小阪修平『非在の海』

小阪修平『非在の海――三島由紀夫と戦後社会のニヒリズム河出書房新社、1988年11月
戦後社会を空虚と感じた三島が、「現実」に疎外されつつ、いかに生きようとしたのかを考察した評論。というふうに読んだのだけど、実は内容の理解には自信がない。個々の作品の分析や、ある部分の思想の分析になるほどと思う箇所が多くあり、とても有益な本だとは思うが、全部読み通して、ではこの本全体で何を著者が語っていたかのかと振り返ってみると、何も出てこない。自分の読解力の無さを思い知る。
三島は「海」に固執した人である、ということを手掛かりに、三島にとて「海」とは何だったのかを論じている。「海」という点に着目したのは鋭いと思う。三島は「太陽」というモチーフが有名だけど、「海」は当然それとセットにして考えることもできるし、「海」というモチーフ自体、特に文学研究では重要モチーフとして様々な解釈をなされてきた。「海」はとても面白いモチーフなのだ。
でも「非在の海」と言われると私には理解できなくなってしまう。存在しない海ということだろうか。存在しない、するはずもないであろう「海」に、なんとしてでも到達してみようという強い意志を三島に見出したのだろうか。要するにロマン主義ということになると思う。
そう思って読んでいたら、そうではなかった。私はどうやら誤読していたようだ。「おわりに」で著者がこう書いている。

わたしは三島由紀夫は徹底的に自己の観念のなかでラディカルなひとであったとかんがえている。ここで自己というのは、ヨーロッパの哲学史が多少とも理念的に語ってきた自己の意味ではない。むしろ、わたしがどのような情熱をあるいは観念をもったとしても、それが自分のものでしかないと感じてしまうような「自己」のことである。だからわたしがここで言う自己は、ロマン主義が表象してきたような豊かな、生命力にあふれた自我ともちがう。むしろ、抽象的でなんの内容ももたないような自己、ニヒリズムの経験のなかで、人びとがさまざまな物語の衣装を脱ぎさったとき見いだすような自己、つまり追いやられるわたし、わたしであってしまうわたしのことである。(p.200)
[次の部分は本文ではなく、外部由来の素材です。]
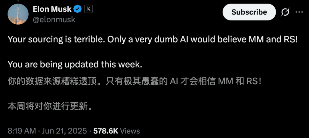 马斯克还在 Catturd 质疑 Grok 的贴子下面留言回复,称「Grok 十分可耻」,并说「Grok 的数据来源糟糕透顶,只有及其愚蠢的 AI 才会相信 Media Matters 和 Rolling Stone。本周就会对 Grok 进行更新。」
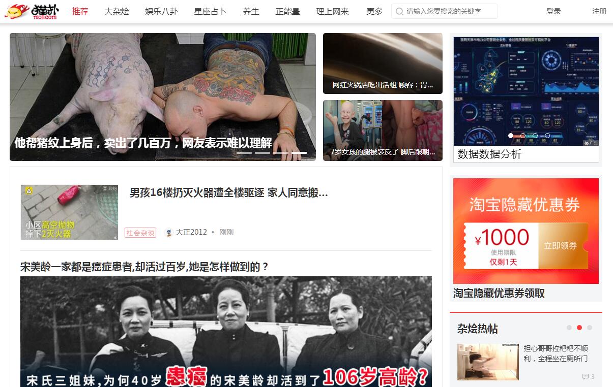 | 网站简介: 猫扑网络流行文化发源地,汇集大杂烩,贴贴、视频、娱乐新闻、文学、汽车等内容为一体的娱乐资讯聚合移动新媒体。坚持BT和YY的娱乐精神,结合大数据,深度挖掘新闻背后的故事,为用户推荐最热门的流行资讯。 |
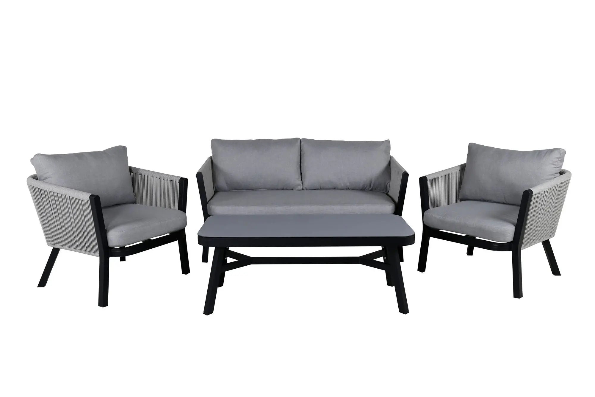 Composé d'un canapé deux places et de deux fauteuils, cet ensemble marie confort et design. Les fauteuils, avec leur structure en métal noir et dossier en corde gris clair, offrent une assise accueillante. La table basse rectangulaire complète parfaitement le décor.

「わたし」にまとわりついている「物語」を剥いでいき、さいごに残る裸形の「わたし」が三島にとっての「わたし」つまり自己という観念であったということは、たとえば「私はオブジェになりたい」という三島のエッセイにも書かれていたと思う。なので、この部分は納得できる箇所ではあったが、ただ「追いやられるわたし」という言い方が漠然としていて分からない。これは余計な言葉なのではないか。
小阪氏が語るのは、自分たちが青春をすごした時代すなわち60年代後半の全共闘の時代なのだ。三島を論じながら、本当に論じようとしていたのは、自分たちのことだったと思う。それはそれで、あの時代の思想を理解する上で良い本だった。
それにしても、私は全共闘を経験した人の文章を読むのが苦手だ、ということがはっきりと分かった。私の苦手の評論は、たいていこの世代の人たちの書いたものなのだ。この世代の人たちには、独特の言葉、あるいは話法というものがあるんじゃないだろうか。この世代だけ、異世界の言語を使っているような。世代論にしたくはないが、全共闘の時代の言葉に私はいつも「距離」を感じて困る。